To do this, just write a class that has the special method __next__
explicitly, and the method __iter__
to be executed before from the first call to __next__
for for
(class can even be separated into 2 stages - the object returned by __iter__
can be of another class or other instance, and implement only the __next__
). Note that the values a Generator returns using yield
must be returned with a return
common to this function.
Then the Python code to generate the squares of the numbers from 0 to n in Python can be written as a "Generator Function" like this:
def squares(n):
for i in range(n):
yield i ** 2
or as such a class:
class Squares:
def __init__(self, n):
self.n = n
self.i = 0
def __iter__(self):
return self
def __next__(self):
if self.i >= self.n:
raise StopIteration()
result = self.i ** 2
self.i += 1
return result
Using this class in interactive mode:
In [331]: for s in Squares(4):
...: print(s)
...:
0
1
4
9
These classes are not called "generators" - this name is only used for objects created when calling a function that contains a yield
(such "Generator functions"). This type of class is called by the more generic name of iterável
- any object that can produce an iterator - an iterator, in turn, is the most generic name for any object that has the method __next__
.
Other generators methods and "advanced information":
Besides the method __next__
, generators also have methods .send
and .throw
- these methods are never automatically called by for
. Instead, they can be used when using a "manual" Generator to send values for a Generator that is already running, or for make a mistake of a particular type with the .throw
- in this case, the throw argument is an object of the type exception - and it is caused at the point where Yield is.
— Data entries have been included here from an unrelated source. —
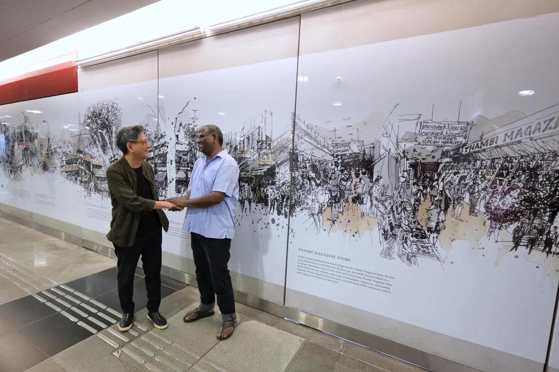 Artist Ronnie Tan and the owner of the former Thambi Magazine Store, Mr Senthil Murugan, in front of a Comic Connect art mural at Holland Village MRT Station.
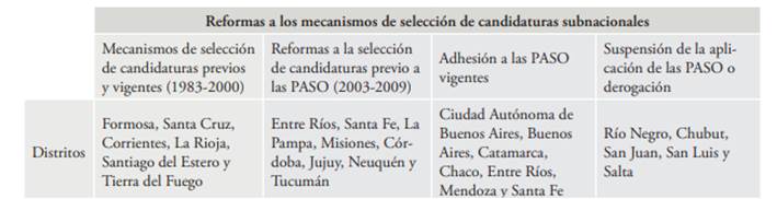 En Argentina, la selección de candidaturas a nivel subnacional está atravesada por la decisión provincial de adherirse o no a las PASO promovidas por el Ejecutivo nacional. La Ley de Democratización, de la Representación Política, la Transparencia y la Equidad Electoral (Ley 26.571/2009) reglamenta la formación de las alianzas transitorias y la presentación de candidaturas a fin de que la oferta electoral sea más ordenada y transparente, y que se regule de manera equitativa y democrática el desenvolvimiento del sistema de representación. En tal sentido, el mecanismo central para ello son las PASO. En estas se indica qué agrupaciones políticas están habilitadas para presentarse en las elecciones generales nacionales (aquellas que obtengan al menos el 1,5 % de los votos válidos emitidos en la primera vuelta); además define la conformación de la lista de cada espacio de forma simultánea mediante internas obligatorias y abiertas a la ciudadanía. Asimismo, actores políticos promovieron proyectos de adhesión en las legislaturas provinciales para incorporarlas a los plexos normativos electorales. Esta reforma se alinea con una estrategia de aplicación “de arriba hacia abajo”, pues primero se aplicó para la selección de candidaturas nacionales y luego se propiciaron leyes provinciales de adhesión.
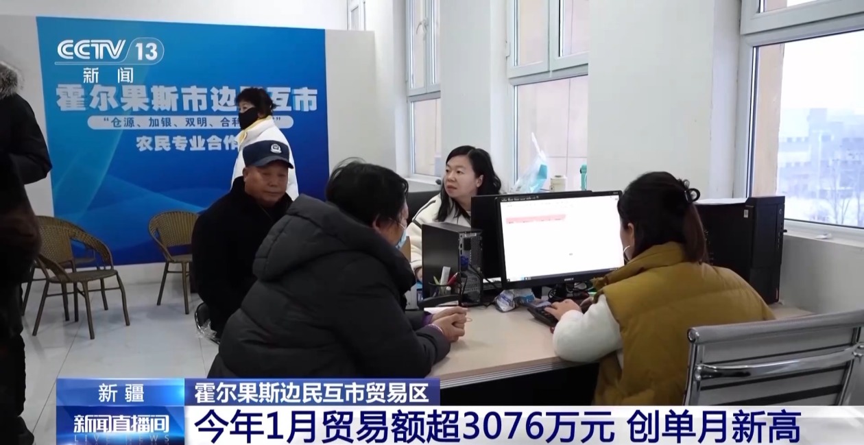 今年1月,新疆霍尔果斯边民互市贸易区交出亮眼成绩单,共交易货物2865吨,贸易额超3076万元,创下单月历史最高纪录。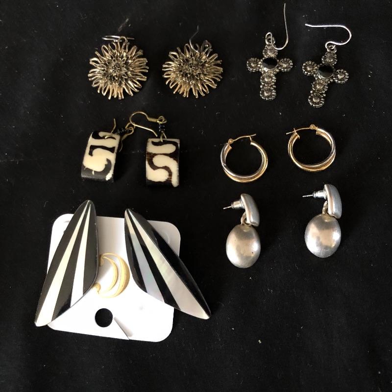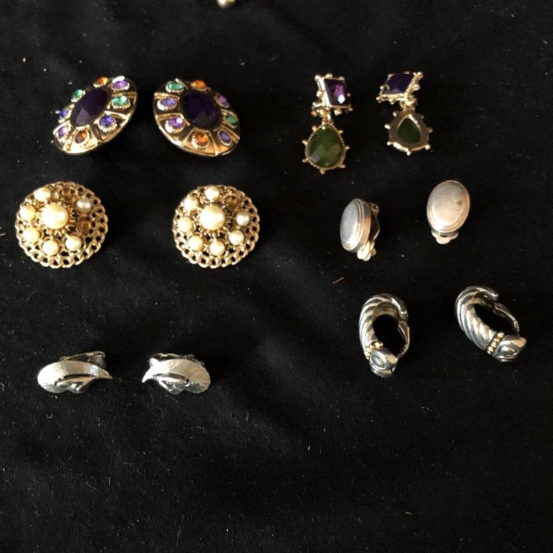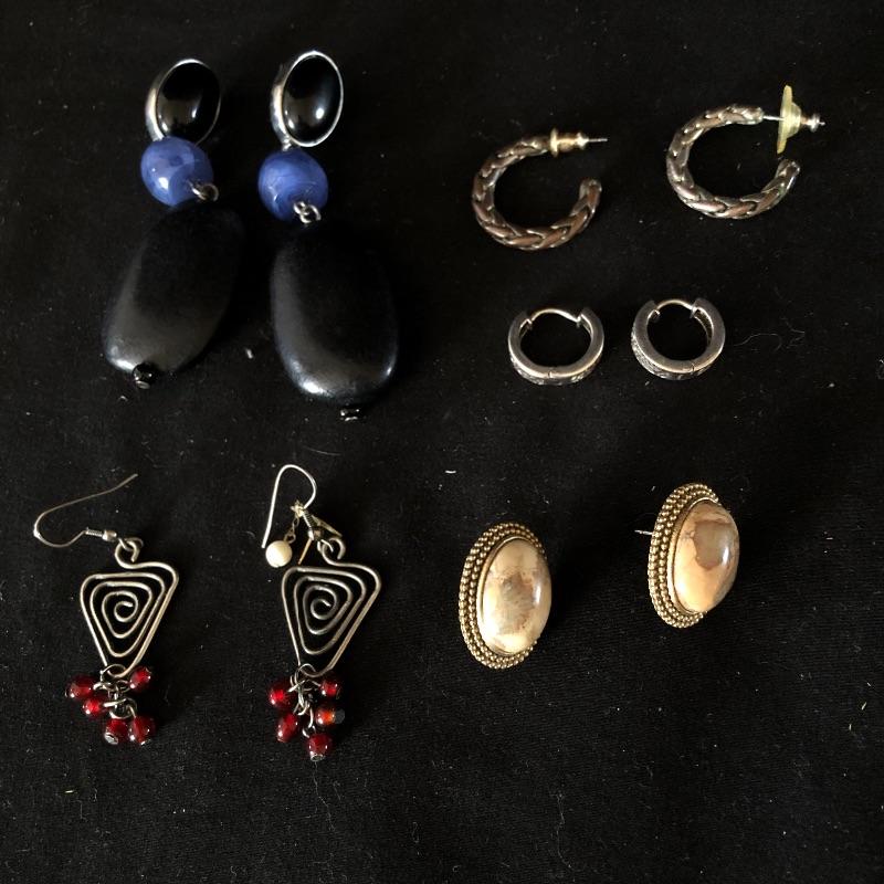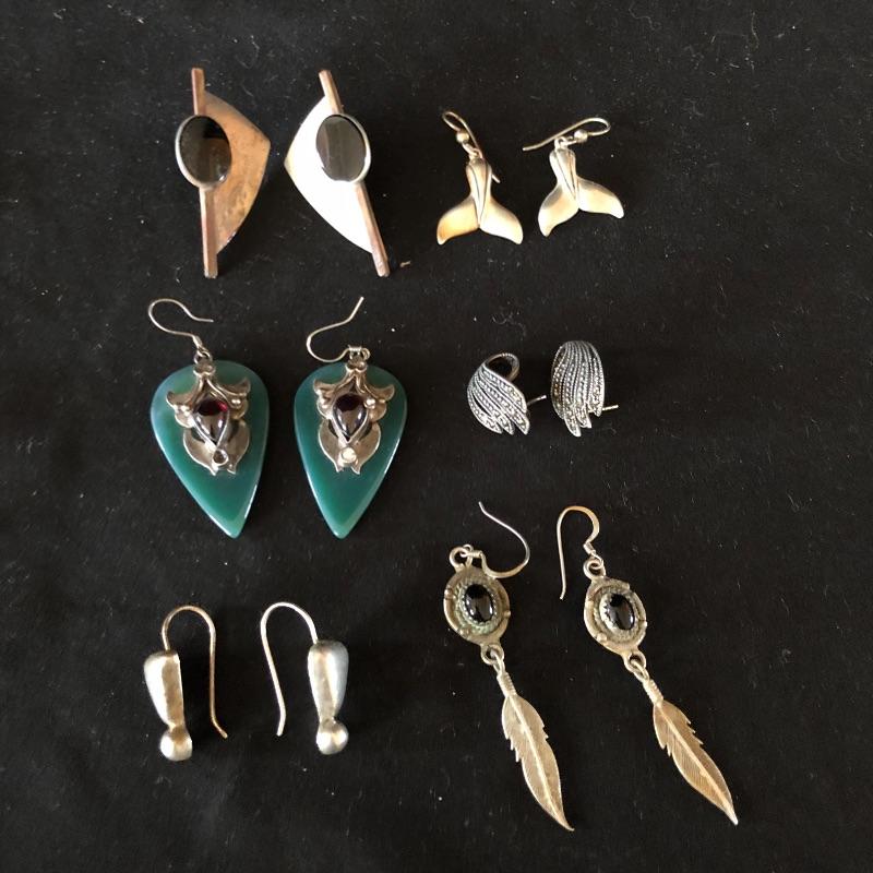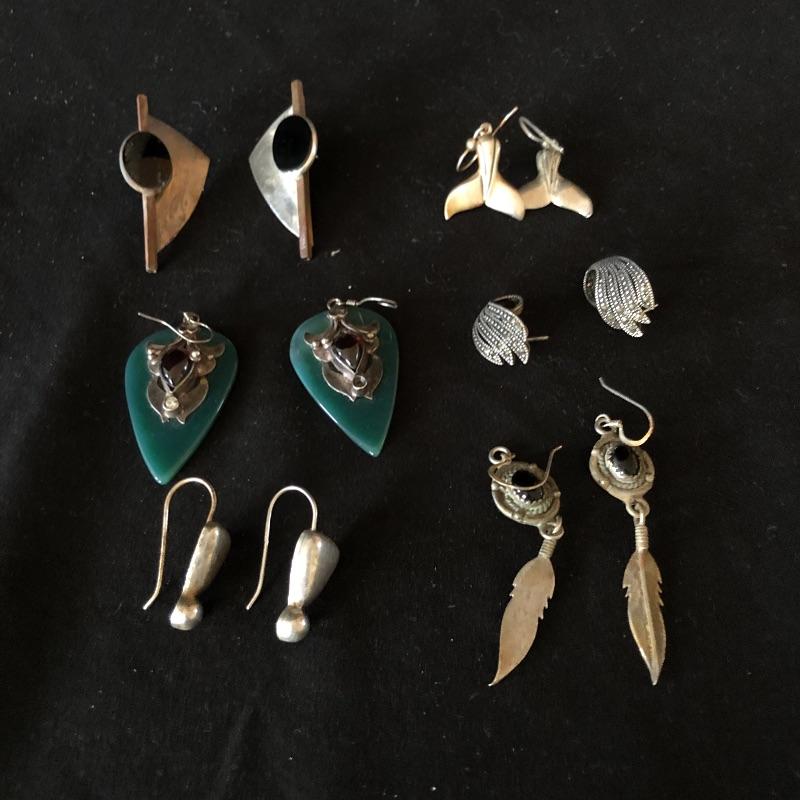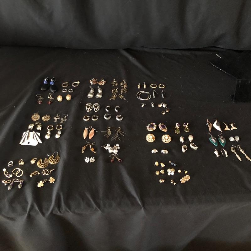 A large collection of earrings in a variety of styles and materials. Lot includes two pair of earrings marked sterling, four pairs of earrings marked 925, six pair of clip on earrings and a great selection of over forty more pairs of earrings.

These features are not used explicitly in "day-to-day" code, and were added because with them, Python generators can now be used as "co-routines". This is different from normal functions that are always "subroutines". Co-routines can be called in parallel in a collaborative way by a specialized system.
Another associated expression is yield from
- it makes a Generator can "make Yield" from another generator, internal, without the value ever being processed by itself - this allows, for example, recursive generators.
I have a "toy" project in which I use Generator functions as "co-routines" without being asynchronous programming - it simulates a "stoned" effect of "Matrix" on the terminal. It only works on a terminal that has ANSI codes enabled, which allows special print sequences to position the cursor and change the color of the letters - which doesn’t happen yet in Windows. The project is here and works well on Linux and Mac: https://github.com/jsbueno/terminal_matrix/blob/master/matrix.py (and to activate ANSI codes in the Windows terminal, see something here: https://stackoverflow.com/questions/16755142/how-to-make-win32-console-recognize-ansi-vt100-escape-sequences)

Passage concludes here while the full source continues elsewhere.